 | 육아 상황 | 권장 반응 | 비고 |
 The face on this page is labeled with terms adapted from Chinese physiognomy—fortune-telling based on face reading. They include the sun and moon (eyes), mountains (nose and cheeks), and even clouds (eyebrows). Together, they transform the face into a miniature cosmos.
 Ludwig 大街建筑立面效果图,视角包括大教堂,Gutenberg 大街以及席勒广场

********

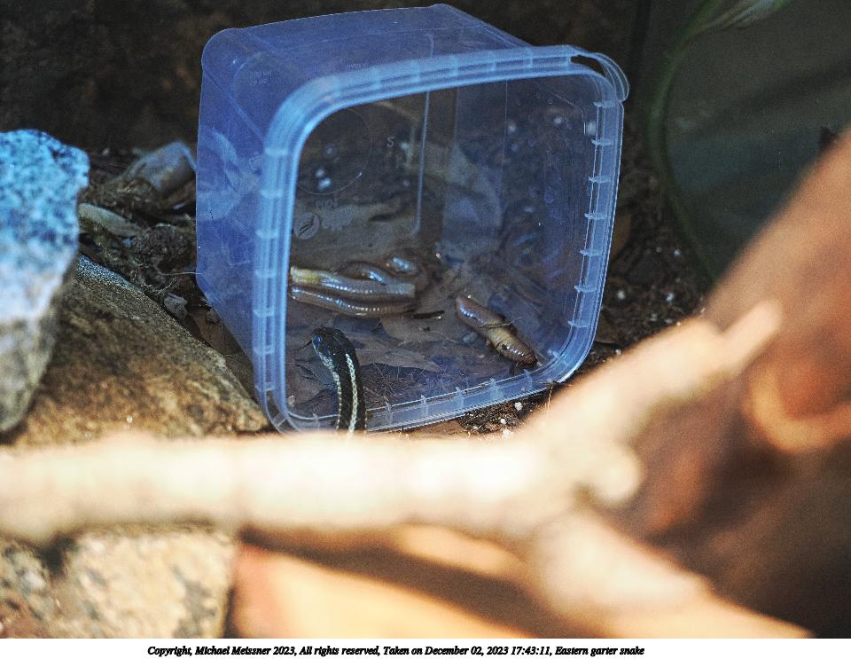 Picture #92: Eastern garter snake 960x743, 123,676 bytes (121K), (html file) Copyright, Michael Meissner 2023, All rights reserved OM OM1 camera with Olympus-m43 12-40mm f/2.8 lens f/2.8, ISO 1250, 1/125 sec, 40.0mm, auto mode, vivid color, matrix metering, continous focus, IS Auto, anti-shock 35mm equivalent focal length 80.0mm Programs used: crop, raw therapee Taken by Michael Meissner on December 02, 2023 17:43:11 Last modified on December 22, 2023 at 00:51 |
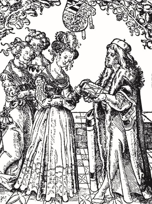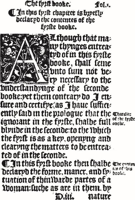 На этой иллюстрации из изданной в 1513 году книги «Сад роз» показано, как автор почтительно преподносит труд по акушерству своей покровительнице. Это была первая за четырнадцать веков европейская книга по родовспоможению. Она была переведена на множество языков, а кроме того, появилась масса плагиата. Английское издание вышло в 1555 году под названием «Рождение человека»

********

To do:
In the entries above, find the line holding "The face on" and the line holding "Ludwig 大街建筑立面效果图,视角包括大教堂,Gutenberg 大街以及席勒广场"; print both of them and every line between, exactly, and nothing else.

Completed task:
 The face on this page is labeled with terms adapted from Chinese physiognomy—fortune-telling based on face reading. They include the sun and moon (eyes), mountains (nose and cheeks), and even clouds (eyebrows). Together, they transform the face into a miniature cosmos.
 Ludwig 大街建筑立面效果图,视角包括大教堂,Gutenberg 大街以及席勒广场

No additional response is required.